- **Excerpted records**:

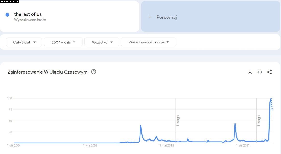 The Last of Us podąża podobną ścieżką. Serial HBO to nowy fenomen, który przyciągnął wielu widzów wcześniej nieznających historii Joela i Ellie. Miesiące, kiedy fraza „the last of us” była najczęściej wpisywana w wyszukiwarce Google, to styczeń i luty 2023 – czyli wtedy, kiedy emitowano kolejne odcinki postapokaliptycznej produkcji. Poprzednie, bardzo wyraźne wzrosty, wypadły oczywiście w okolicy premiery pierwszej i drugiej odsłony tej serii, ale nijak nie mogą one konkurować z tym, co zdarzyło się w ostatnich tygodniach.
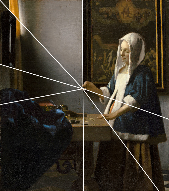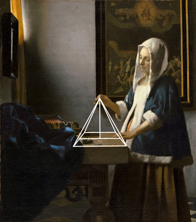 The balance point of the scales is exactly at the center of the painting. The woman's hands, the jewelry, and the tabletop form the shape of a pyramid. This imaginary pyramid supports the woman's hand and encloses the balance.
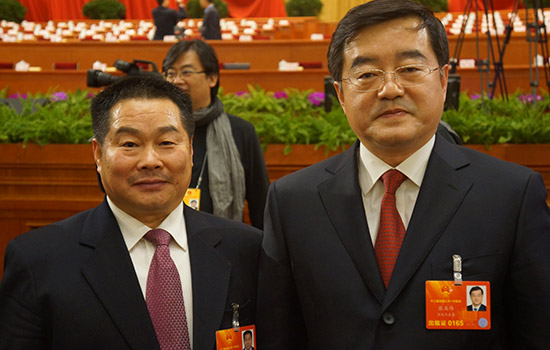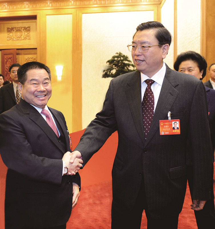 2014年三月,十二屆全國人大二次會議期間,中共中央政治局常委、十二屆全國人大常委會委員長張德江與董事局主席吳振山親切合影
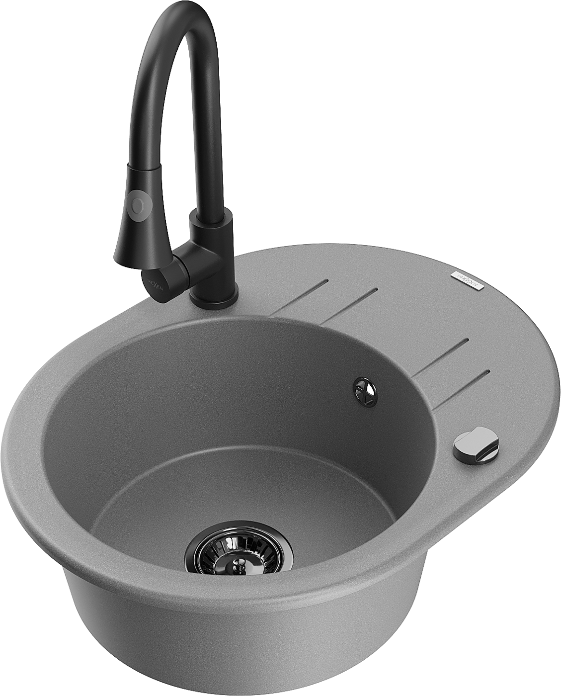 Mexen Kevin granīta izlietne ar vienu nodalījumu ar notekpaplāti un virtuves jaucējkrānu Elia, pelēka - 6517-71-670101-70-B
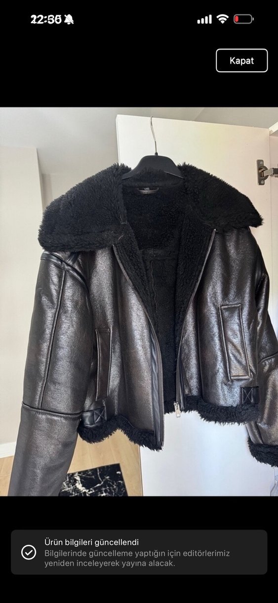 Kürk detaylı siyah deri, fitted kesim kadın ceket. Notch yaka ve askılı kollarıyla midi boy, goth Paris tarzı günlük kullanıma uygun. hiç giymedim

- **Brief**: For this exercise, set down exactly the lines that run from the line holding "Mexen Kevin granīta" to the last line of the records above; include both end lines and omit pictures.

- **Expected answer**:
 Mexen Kevin granīta izlietne ar vienu nodalījumu ar notekpaplāti un virtuves jaucējkrānu Elia, pelēka - 6517-71-670101-70-B
 Kürk detaylı siyah deri, fitted kesim kadın ceket. Notch yaka ve askılı kollarıyla midi boy, goth Paris tarzı günlük kullanıma uygun. hiç giymedim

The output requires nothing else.